● **Exercise prompt**
Using the listing below, print the line containing "由上文,我们已经知道,字符串", the line containing "Adoptez le t-shirt", and each line between them, exactly and nothing else. Pictures stay out of the print.

___ Data shown ___

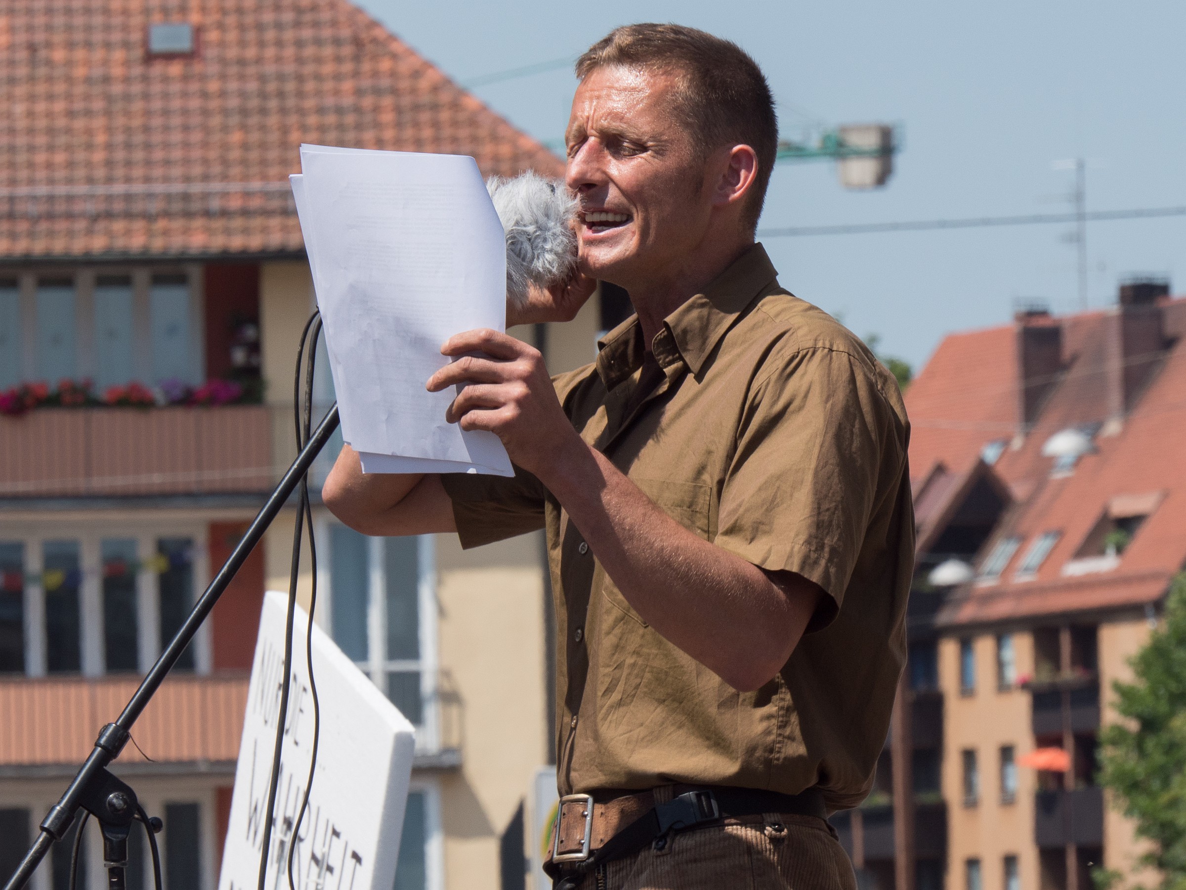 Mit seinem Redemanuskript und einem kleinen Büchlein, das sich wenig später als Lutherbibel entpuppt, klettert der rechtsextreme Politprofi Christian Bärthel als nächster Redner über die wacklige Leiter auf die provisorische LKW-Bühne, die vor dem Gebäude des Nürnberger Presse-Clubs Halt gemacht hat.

___
___ Data shown ___

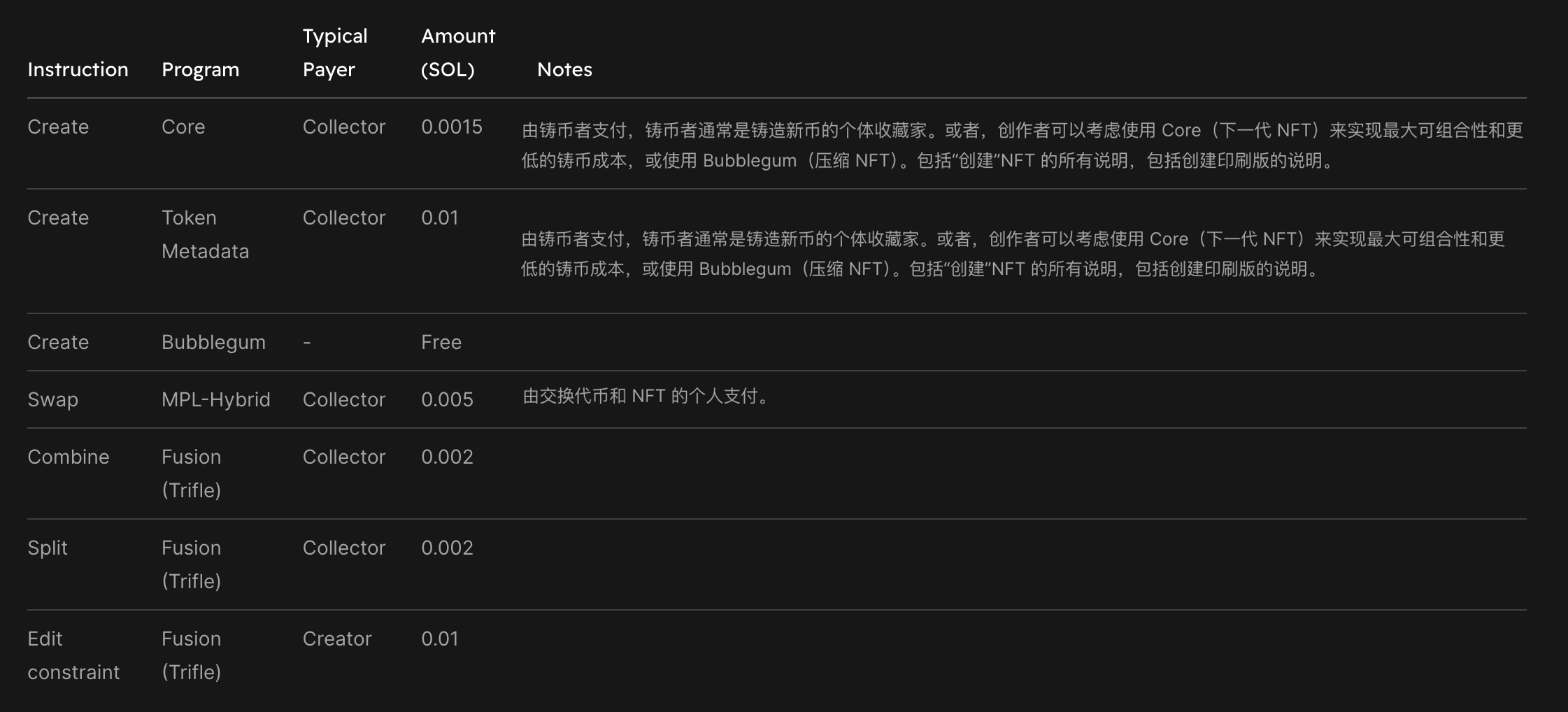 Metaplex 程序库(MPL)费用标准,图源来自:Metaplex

___
___ Data shown ___

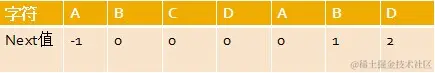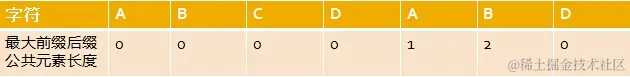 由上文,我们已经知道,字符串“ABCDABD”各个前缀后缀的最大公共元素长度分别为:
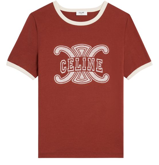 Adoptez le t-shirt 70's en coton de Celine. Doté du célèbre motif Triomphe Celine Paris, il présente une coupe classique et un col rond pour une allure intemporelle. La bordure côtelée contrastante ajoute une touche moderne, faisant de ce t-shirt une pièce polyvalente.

___

● **Final answer**
 由上文,我们已经知道,字符串“ABCDABD”各个前缀后缀的最大公共元素长度分别为:
 Adoptez le t-shirt 70's en coton de Celine. Doté du célèbre motif Triomphe Celine Paris, il présente une coupe classique et un col rond pour une allure intemporelle. La bordure côtelée contrastante ajoute une touche moderne, faisant de ce t-shirt une pièce polyvalente.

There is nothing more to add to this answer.